Long exposure images can create an almost surreal effect, evoking emotional responses, such as calm, peacefulness, and even angst, depending on the image. Creating these images can be a challenge and generally requires certain gear, such as a sturdy tripod, a camera body that has a bulb setting, various types of filters to reduce the amount of light hitting the camera’s sensor in order to lengthen the shutter speed and show motion in the image, and the right setting (environment).

The best long exposure images are created when capturing moving water or clouds, as these subjects convey movement in an otherwise still environment.

So, let’s chat about the gear and look at some examples of long exposure images.
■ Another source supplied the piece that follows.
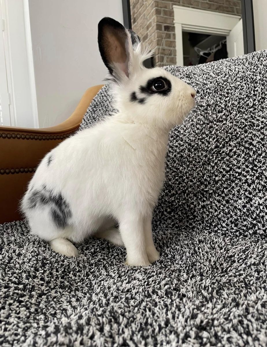 Poe is almost 6 months old and is available to foster to adopt!! He is a spunky little dude with lots of energy and curiosity. Poe came to us as a tiny baby back when we helped Uintah Animal Shelter with the massive hoarding case. An animal control officer found him and his two siblings while clearing out the home and sadly we were not able to find which bunny was his momma so he was our little bottle baby! Poe loves other buns and would love to have a bond mate. He is almost at the age where we can get him neutered, chipped, and vaccinated and is working on litter box training.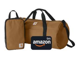 With a rugged Carhartt duffel bag and matching pouch, you're equipped to move through life with purpose-whether you're heading to the gym, the job site, or a weekend escape. Tucked inside is $65 in Amazon gift cards, giving you the power to choose what comes next: gear, gadgets, or a little indulgence. It's a package that blends heritage with possibility, ready to go wherever your story leads.

The images that follow were taken on different trips, literally from coast-to-coast and were taken with either a variable stop filter or a 15-stop filter, as noted. I use Singh-Ray filters, but there are many options on the market. So you can find the one(s) that work best for you. If you are interested in Singh-Ray filters, you can get a 10% discount by using ROADRUNNER10 for a discount code.

For this image, I used variable stop filter to extend the shutter time to just over 66 seconds. This allowed me to capture the movement of the clouds, while creating a plane of glass on the ocean’s surface. I chose a variable stop filter, because the variability allowed me get just the right amount of exposure reduction to meet the needs of the environment. In this case, the heavy overcast would not have been conducive to using my 15 stop filter, which is actually best used on bright sunny days with big puffy cumulous clouds.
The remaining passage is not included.